§ EXERCISE MATERIALS
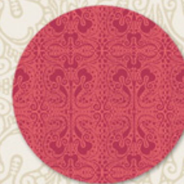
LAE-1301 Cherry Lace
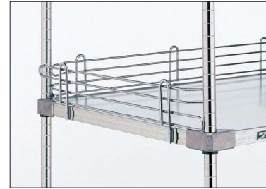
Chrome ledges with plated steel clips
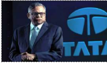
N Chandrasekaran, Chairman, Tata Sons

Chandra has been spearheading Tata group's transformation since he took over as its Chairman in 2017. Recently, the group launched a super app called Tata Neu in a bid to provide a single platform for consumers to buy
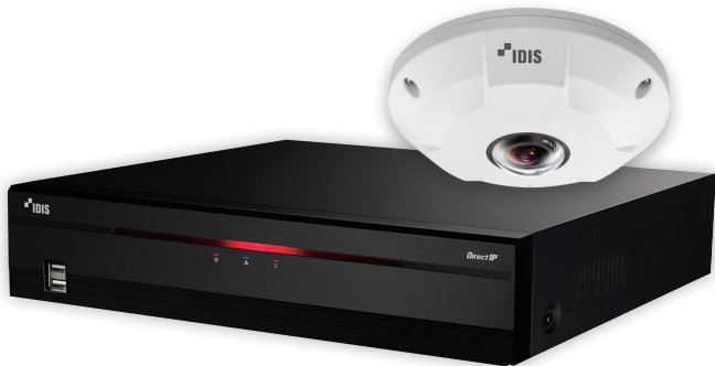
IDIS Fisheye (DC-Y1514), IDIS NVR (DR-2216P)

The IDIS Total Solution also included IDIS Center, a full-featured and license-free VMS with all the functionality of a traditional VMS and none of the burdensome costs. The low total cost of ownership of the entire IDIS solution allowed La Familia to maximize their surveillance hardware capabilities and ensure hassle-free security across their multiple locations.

§ EXERCISE
What lines of the data include the word "with"? Copy each of them.

§ RESPONSE TO THIS EXERCISE
Chrome ledges with plated steel clips
The IDIS Total Solution also included IDIS Center, a full-featured and license-free VMS with all the functionality of a traditional VMS and none of the burdensome costs. The low total cost of ownership of the entire IDIS solution allowed La Familia to maximize their surveillance hardware capabilities and ensure hassle-free security across their multiple locations.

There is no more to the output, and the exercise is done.